Nazim Hikmat left prison, taking advantage of the amnesty law that entered into force in 1950, separated from his wife, Praia Hanem, and married his cousin, Munfir Andach, who was constantly visiting him in prison. When he realized that he was under observation, he decided to travel abroad, so he arrived in Moscow in 1951 via Bulgaria and Romania by the Black Sea.

Turkish citizenship was withdrawn from Nazem Hikmat by ministerial decision in the early 1950s, but he was greatly appreciated outside Turkey as a Turkish poet and writer, as he attended many international conferences and his books were translated into many languages. His citizenship was restored to him in 2009 by an official decision of the Justice and Development Party government.

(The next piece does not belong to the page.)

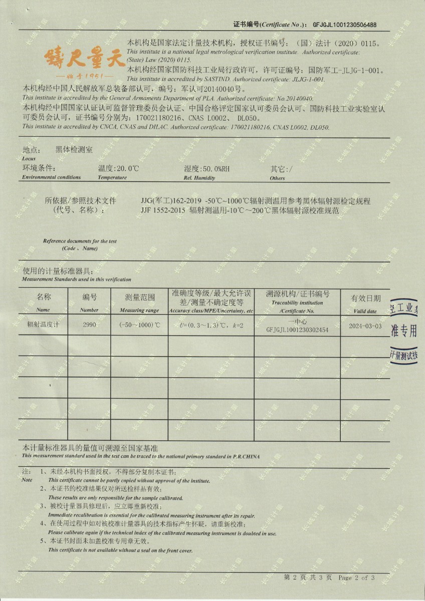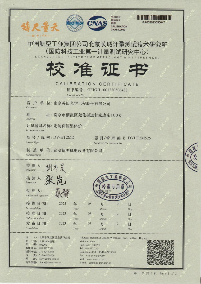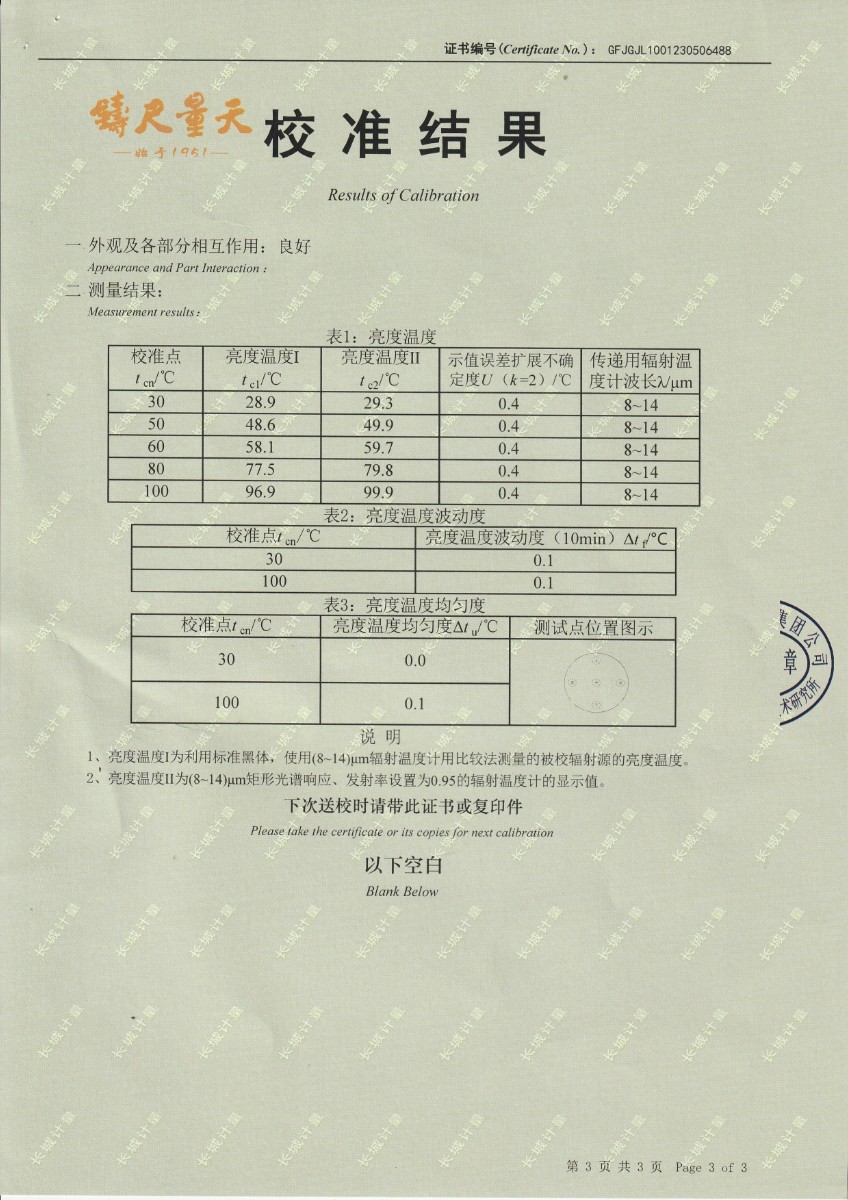 上一條:魯南中聯(lián)水泥有限公司 干體式溫度校準(zhǔn)器 校準(zhǔn)證書 | 下一條:便攜式干體爐(-30-150℃)校準(zhǔn)證書 |

In 1959, he married the Russian Vera Tolyakova, who was thirty years younger than him, before he was given a term in 1963 by a heart attack, and he was buried in Novodevichy Cemetery in Moscow.

When his poetic book "835 Lines" was published, he was admired by many of the great Turkish poets of the period, such as Ahmed Hashem and Yaqoub Qadri (Qara Osmanoglu), and influenced a number of young poets who switched to writing free poetry following his example.

As for his most important books, he is "Scenes from My Hometown", he started writing him in prison in 1941, and through him he presented his vision for a sensitive stage in the history of Turkey, extending from the period of the second constitutional rule in the time of the Ottoman Empire to the Second World War in the time of the Turkish Republic, and it was This book, in which poetry and prose are intertwined, is a literary legacy that commemorates a poet from the clay of great men.